Last night as I pulled my car into the driveway I looked, as I always do now, for signs of “him” coming to snoop. Nothing, good, I could relax, feed my pets and eat my very late dinner. I went to the mailbox and in the dark pulled out a white envelope which was cold and sort of, well, “traveled”. An instant rush – it was from Italy!
A ray of warm sunshine in an envelope, just for me. Who would think a person could feel so much joy, happiness and excitement from a letter? My dear Vincenza, thinking of me, writing me. It couldn’t have come at a better time, the day after Christmas and I take this as a sign that all will be well in my world.
Vincenza does not know the English language but her son-in-law is fluent. She asks me to write in English and tells me he will translate for her. Then she writes a letter to me in italian and he translates it to english, word for word. Vincenza will then hand write her letter to me in english. I am so humbled by this effort put forth to keep our communication going. She makes me want to learn italian even more, makes me want to be better and try harder. I want to learn her language so much so that when I get to see her again we can talk and understand each other freely.
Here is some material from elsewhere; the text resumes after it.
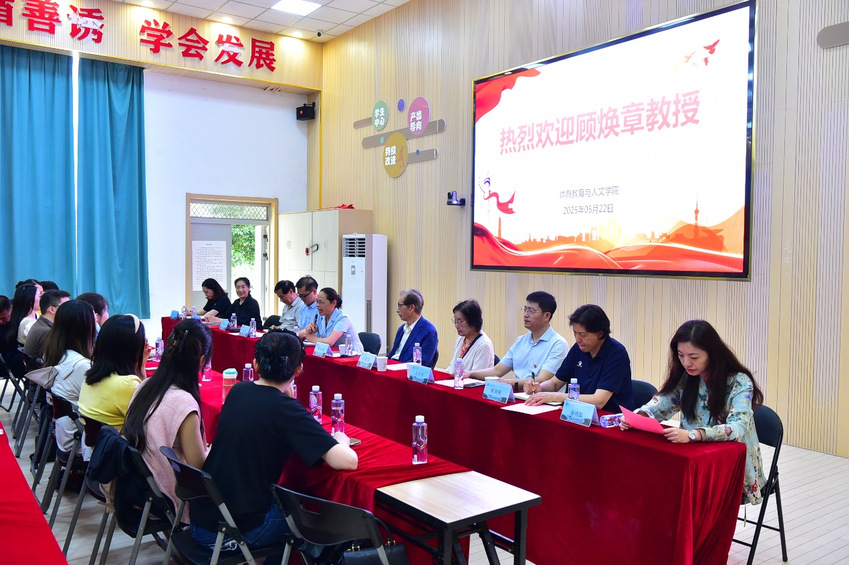 5月22日,体育教育与人文学院举行青年教师座谈会。江苏首届社科名家、南京农业大学经济管理学院关工委常务副主任顾焕章教授应邀来校调研并与体育教育与人文学院青年教师进行座谈。PA视讯集团入口党委书记、校关工委主任刘红明,学校原副校长、校关工委执行副主任李江、校党委常委、党政办主任王猛陪同调研。

Right now it seems like just another crazy dream of mine but who knows where life will take us? Who would have ever thought I’d make a dream come true? It all seems so far away at this point but so did my amazing journey in May. In the meantime, I will follow the same disciplines I used before. And again will find myself sitting with Vincenza and the rest of my family in Melfi. I found love in Melfi and Melfi mails love to me.